1. ## Rings

Prove that R is commutative if and only if R' is commutative.

2. What is R'?

3. Originally Posted by bookie88
Prove that R is commutative if and only if R' is commutative.
Originally Posted by Tinyboss
What is R'?
I'm going to take a wild guess. Let $\displaystyle R$ be a commutative ring and $\displaystyle \phi:R\to R'$ an epimorphism. Then, $\displaystyle R'$ is commutative. To see this let $\displaystyle \phi(r),\phi(s)\in R'$ then $\displaystyle \phi(r)\phi(s)=\phi(rs)=\phi(sr)=\phi(s)\phi(r)$

4. Originally Posted by Drexel28
I'm going to take a wild guess. Let $\displaystyle R$ be a commutative ring and $\displaystyle \phi:R\to R'$ an epimorphism. Then, $\displaystyle R'$ is commutative. To see this let $\displaystyle \phi(r),\phi(s)\in R'$ then $\displaystyle \phi(r)\phi(s)=\phi(rs)=\phi(sr)=\phi(s)\phi(r)$
It is an 'if and only if', so we would need an isomorphism (epimorphism gives the 'if', monomorphism gives the 'only if').

5. Originally Posted by Swlabr
It is an 'if and only if', so we would need an isomorphism (epimorphism gives the 'if', monomorphism gives the 'only if').
Why bother with the monomorphism bit? If $\displaystyle \phi:R\to R'$ is an isomorphism then it is an epimorphism and so the above proof works, and since $\displaystyle \phi^{-1}:R'\to R$ 1is an epimorphism too the conclusion follows.

6. Originally Posted by Drexel28
Why bother with the monomorphism bit?
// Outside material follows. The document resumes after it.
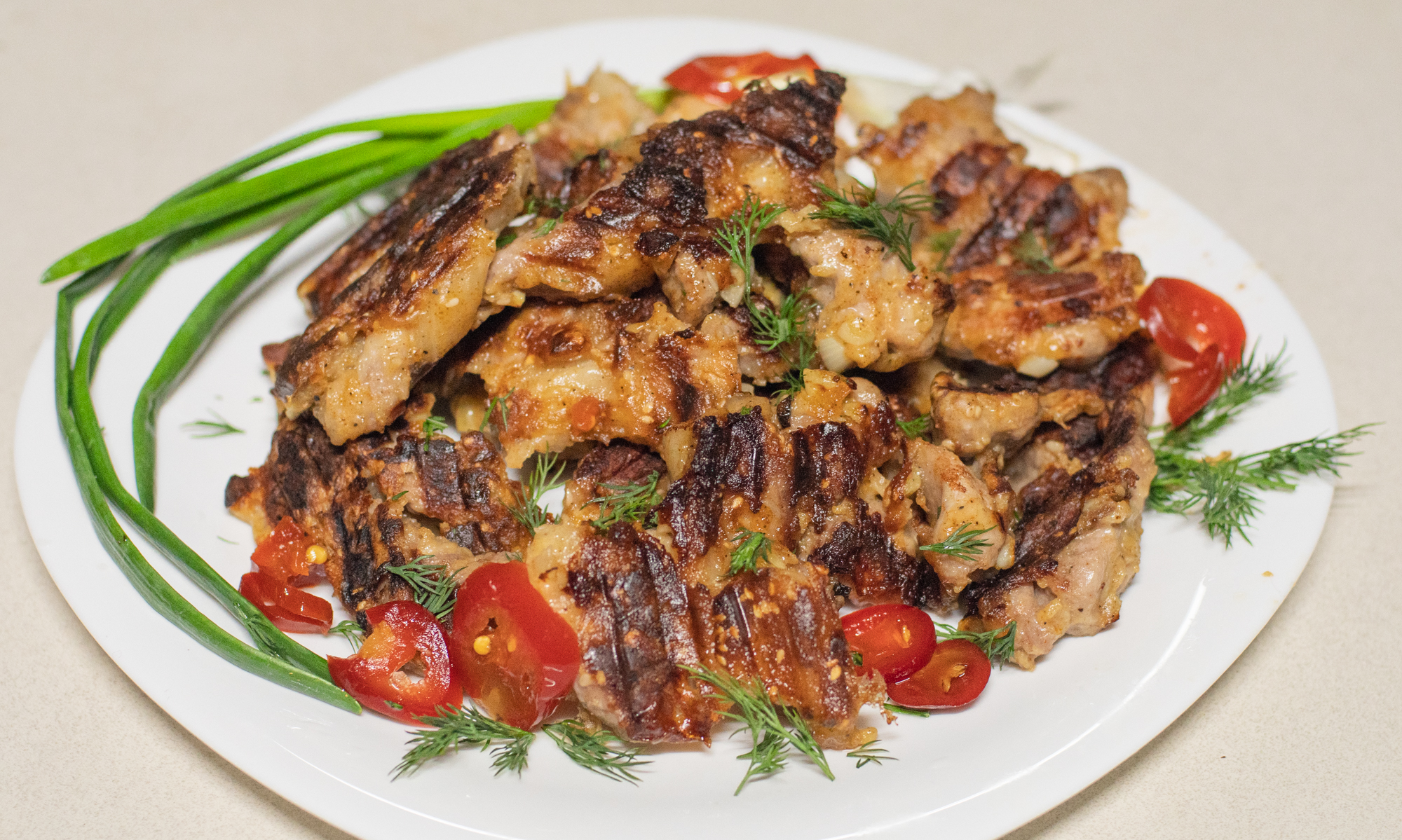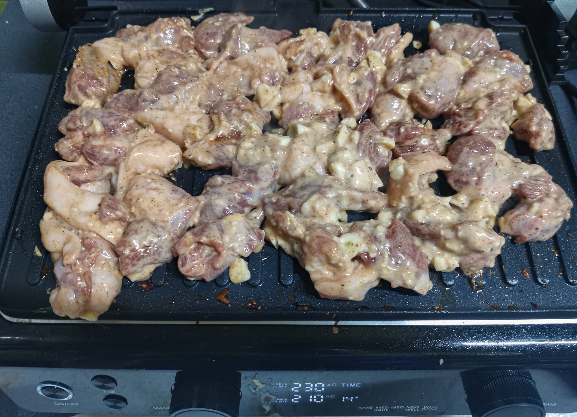 Мясо, нарезанное средними кусками, замариновали в соусе, добавили чеснок, обваляли в остром тесте с кунжутом. Выложили на гриль, выставив максимальную температуру на верхнюю панель и среднюю на низ.

If $\displaystyle \phi:R\to R'$ is an isomorphism then it is an epimorphism and so the above proof works, and since $\displaystyle \phi^{-1}:R'\to R$ 1is an epimorphism too the conclusion follows.
One way is as easy as the other. I explained it in that way as I had maybe thought you had meant monomorphism as opposed to epimorphism, so I had thought about both cases.